The move to bring captive mines and commercial coal mining under the same legal framework has been prompted by experience showing that user industries like steel, cement and nonferrous metal refiners have either failed to bring coal blocks specifically allocated into operation or are producing the fuel at suboptimal levels.

Further, the opening up of commercial coal mining to private miners without any end-use restrictions and with free pricing regime has also failed to evoke any substantial interest among investors, prompting the Coal Ministry to put the auction of coal blocks for such commercial mining on the backburner.

The government holds auctions of coal blocks specifically for captive use by industries like steel, cement and aluminium. However, production from captive coal mines was recorded at 4.12-million tons in the April to June quarter, up a mere 2.5% over the corresponding previous period.

Captive coal mines notched up production of 25.12-million tons during 2018/19, recording growth of 55%, but this was still short of the aggregate potential of these mines to produce about 44-million tons a year.

Of the total 29 coal blocks allocated for captive mining to user industries – 13 through auction and 16 through preferential allotment – only 12 have been brought into production, with user industries claiming that issues like land acquisition, conflicts with mine developers and operators, and infrastructure lacunae have prevented them from operationalising the assets.

In view of the shortage of dry fuel faced across user industries, the Coal Ministry is mulling the option of forcing user industries already allocated coal blocks, but not operationalising them, to surrender the assets and even enforce a 10% penalty for not achieving performance parameters laid down in contracts.

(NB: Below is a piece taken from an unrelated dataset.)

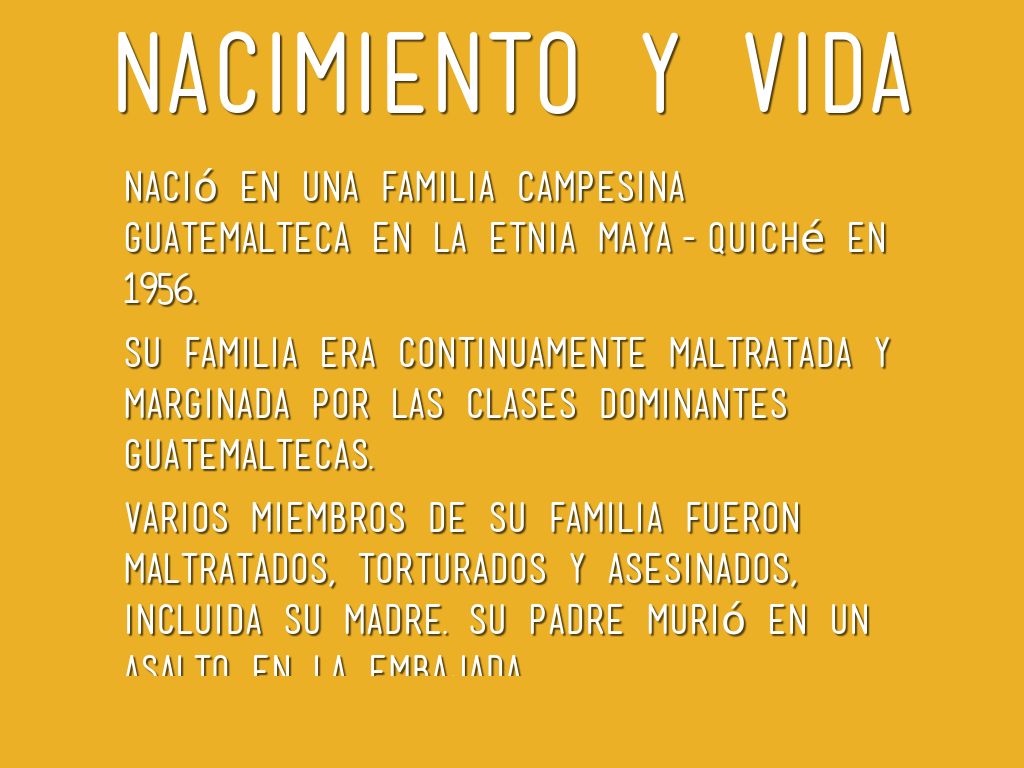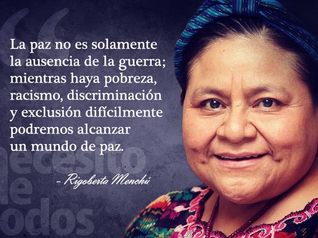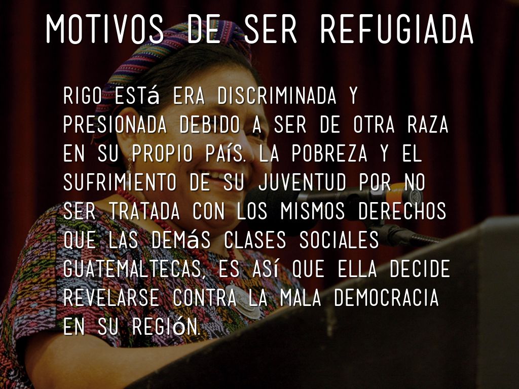 Rigo está era discriminada y presionada debido a ser de otra raza en su propio país. La pobreza y el sufrimiento de su juventud por no ser tratada con los mismos derechos que las demás clases sociales guatemaltecas, es así que ella decide revelarse contra la mala democracia en su región.

Under a new scheme of things, the Coal Ministry is working on holding auctions for the allocation of single commercial mining rights, irrespective of end-use for specific sectors, offering mining leases of 50 years.

Earlier this year, the Coal Ministry liberalised rules, effectively partially blurring the distinction between captive coal mining and commercial mining. Under the liberalised rules put in effect in February, captive coal miners had been permitted free merchant sale of up to 25% of production from captive mines.

The government last year brought in legislative changes to end the Coal Nationalisation Act of 1973, which keeps coal mining the exclusive domain of government companies, paving the way for private coal mining. However, the auction of coal blocks exclusively for private investors has not evoked significant interest from standalone mining companies or international resource majors, forcing the Coal Ministry to abandon the planned auctions.

It is now supposed that bringing all coal mining under a single legal entity, in effect converting captive coal mining into commercial mining, will entice user industries with captive mines into standalone coal mining, thereby reserving part of the production for their own use, with the option of the free sale of the entire production based on economic viability.